Piye

Merasa Dipermainkan, Keluarga Pasien RSUD Selong Ngamuk

Merasa Dipermainkan, Keluarga Pasien RSUD Selong Ngamuk
SuaraLombok.com | Lombok Timur - Gara-gara merasa dipermainkan oleh petugas RSUD dr. R.Soejono Selong, salah seorang keluarga pasien mengamuk.

Ahmad Roji yang merupakan anak dari pasien bernama Murnah rencananya akan merawat inap ibunya di tempat tersebut.

Menurut penuturannya, awalnya ia akan merawat ibunya menggunakan jalur pelayanan  BPJS kesehatan yang ia bayar setiap bulannya.

Hanya saja, pada saat ia mengantarkan ibunya ke ruang IGD untuk diperiksa dan mendapat pelayanan awal, ia justru diarahkan ke Poli penyakit dalam.

Parahnya, setelah ia berada di Poli penyakit dalam, justru pihak RSUD Selong belum mau menerima ibunya dengan alasan tidak ada surat rujukan dari puskesmas.

“Dan alasannya harus ada rujukan karena kami pakai BPJS,” sesalnya.

Merasa ibunya akan sangat sulit mendapat perawatan melalui jalur pelayanan BPJS, ia memutuskan untuk merawat inap ibunya menggunakan jalur umum.

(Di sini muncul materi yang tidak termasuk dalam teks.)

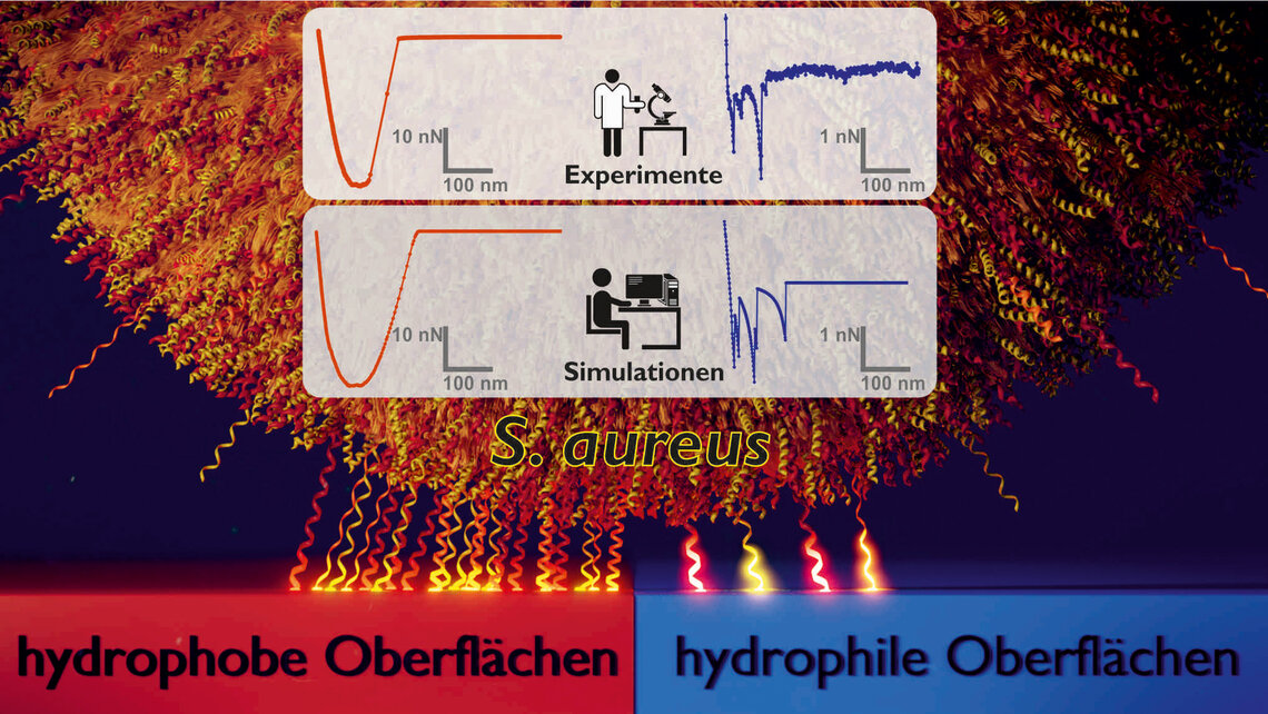 Um diese experimentellen Ergebnisse zu verstehen, wurden in der Arbeitsgruppe von Ludger Santen, Professor für theoretische Physik der Saar-Universität, Monte-Carlo-Simulationen durchgeführt, mit deren Hilfe die Dynamik komplexer Systeme modelliert werden kann. Das Modell beschreibt das Bakterium als starre Kugel und die Zellwandmoleküle an der Oberfläche als kleine Federchen. „Für die richtige Beschreibung der Experimente ist es entscheidender, die Zufallskomponente bei der Bindung an der Oberfläche zu betrachten, als die Komplexität des theoretischen Modells zu erhöhen. Wir haben dabei herausgefunden, warum sich die Bakterien je nach Oberfläche so unterschiedlich verhalten: Auf wasserabweisenden Materialien haften sehr viele Zellwandmoleküle, was insgesamt zu einer starken Haftung und einer gleichmäßig glatten Form der Kraft-Distanz-Kurven führt“, erläutert Ludger Santen. Auf den hydrophilen Oberflächen hingegen blieben nur wenige Moleküle hängen, die Zelle haftete folglich schlechter und die Kurvenform wurde weniger gleichmäßig. „Diese gezackte Kurvenform wird verursacht durch wenige, einzelne Zellwandmoleküle, die sich einzeln von der Oberfläche ablösen. Dadurch können die Bakterien als Ganzes schlechter an der hydrophilen Materialoberfläche anhaften“, so Erik Maikranz, der die Simulationen im Rahmen seiner Doktorarbeit durchgeführt hat.

“Tapi tetap saja agak lama, ini kan masalah orang sakit, masa hanya karena kertas rujukan pelayanan harus dihambat, kalau ibu saya kenapa-kenapa gimana,” geramnya.

Pantauan Suara Lombok , pria yang juga mantan Ketua HMI Lotim ini sempat mengamuk karena pelayanan pihak RSUD Selong yang tidak maksimal dan terkesan mengabaikan pasien dengan jalur pelayanan BPJS.

Sementara itu, Direktur RSUD dr. R.Soejono Selong, dr. Karsito saat dikonfirmasi mengaku telah menerima laporan terkait adanya keluarga pasien yang komplain dengan pelayanan.

Hanya saja, ia berdalih jika hal itu terjadi hanya karena miss komunikasi antara pihak RSUD dengan keluarga pasien.

“Aturannya kalau pasien BPJS memang harus dapatkan rujukan dari puskesmas dulu baru bisa kami layani,” jelasnya.

Terkait aksi keluarga pasien yang mengamuk karena persoalan ini, Karsito malah mengatakan jika pasien yang dilayani bukan hanya satu, melainkan ratusan setiap hari.

Sehingga hal itu tidak akan mengganggu pihaknya untuk memberi pelayanan kepada pasien lainnya.

“Keluarga pasien sudah dijelaskan oleh petugas, tapi tidak terima sehingga terjadi insiden dengan petugas kami,” ungkapnya. (07)

Tidak ada komentar

Diberdayakan oleh Blogger.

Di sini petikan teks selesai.